- Born: Alexander City, Alabama, U.S.
- Education: Krannert Graduate School of Management, Auburn University
- Occupation: Business executive
- Employer: First Data

= Joe Forehand =

American businessman

Joe Forehand is an American business executive and a member of the board of directors of First Data. Before joining First Data, he served as a chairman and CEO of Accenture. He became CEO in November 1999 (then Andersen Consulting), and chairman in February 2001.

Forehand was born in Alexander City, Alabama. In 1971, he graduated with a bachelor's degree in industrial engineering from Auburn University where he was a member of the Pi Kappa Phi fraternity. Forehand received his MBA in industrial administration from the Krannert School of Management at Purdue University, West Lafayette, Indiana.

In an Accenture internal memo and corresponding press release in April 2004, the Accenture board of directors announced that Forehand would relinquish the office of CEO in September 2004. William D. Green assumed the job of CEO effective that same month.

In 2006, Forehand retired from Accenture, ending his term as chairman and 33 years with the firm.
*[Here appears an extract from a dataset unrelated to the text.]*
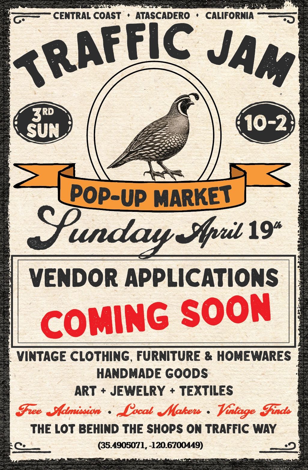 Traffic Jam is a curated market celebrating vintage goods, independent makers, and creative small businesses on California’s Central Coast. We love well-curated vintage collections alongside artists and makers producing original handmade work. Join us in downtown Atascadero for a lively market full of great finds, great vendors, and a great community.
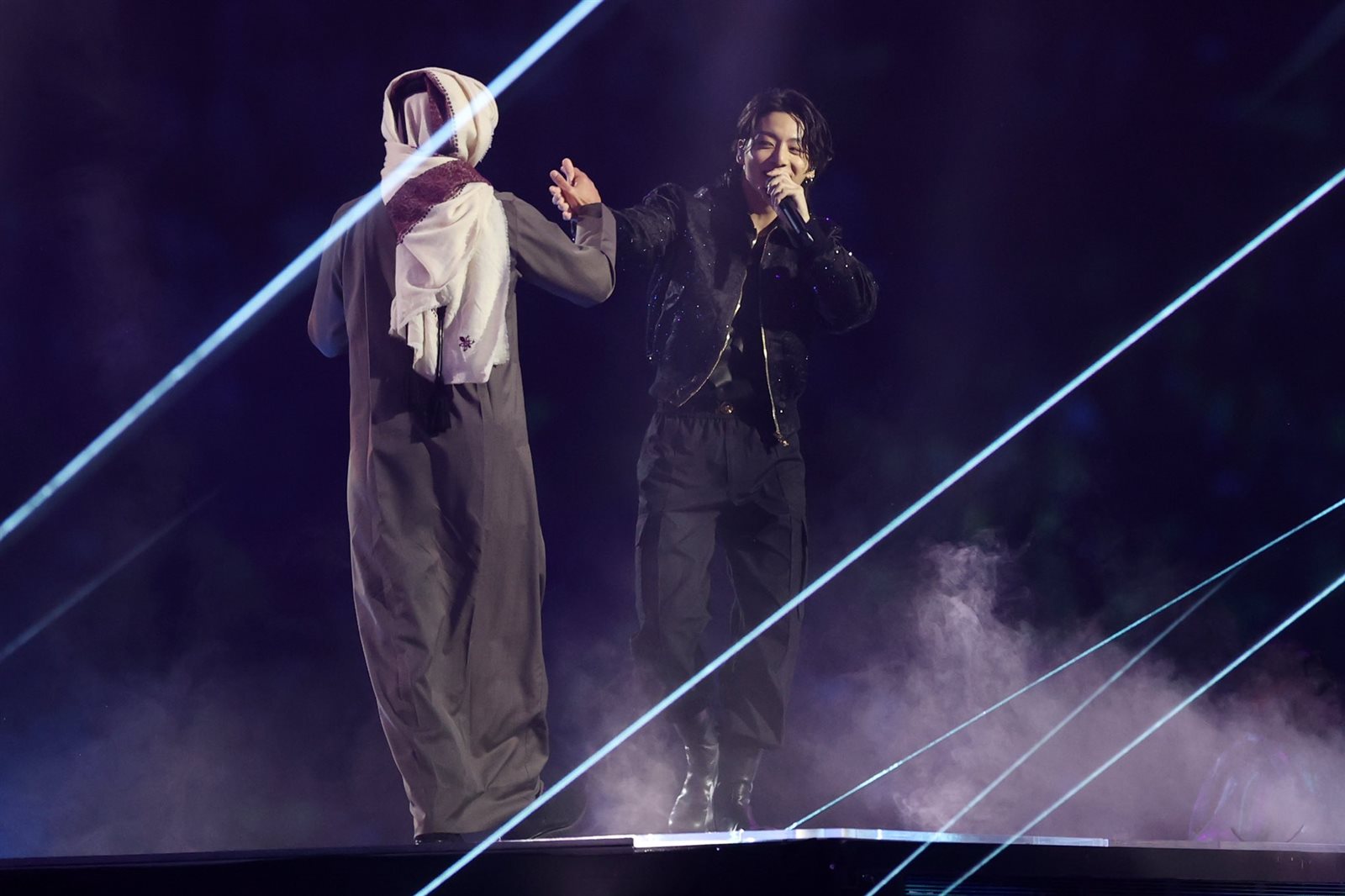 وشارك المغني الخليجي فهد الكبيسي الغناء، مع المغني الكوري جونغكوك، بمقطع باللغة العربية، خلال فاعليات حفل الافتتاح.

He became a member of Aricent's board later in the year.

From 2007 to 2015 he was a director of Auburn University Foundation.

In March 2010, Forehand was appointed interim CEO of First Data Corp., succeeding Michael Capellas.

From January to March 2019, Forehand served as Executive in Residence through a joint venture between Auburn University's Samuel Ginn College of Engineering and the Harbert College of Business.

In 2019, Forehand was inducted into the Alabama Business Hall of Fame. The induction ceremony took place in Birmingham.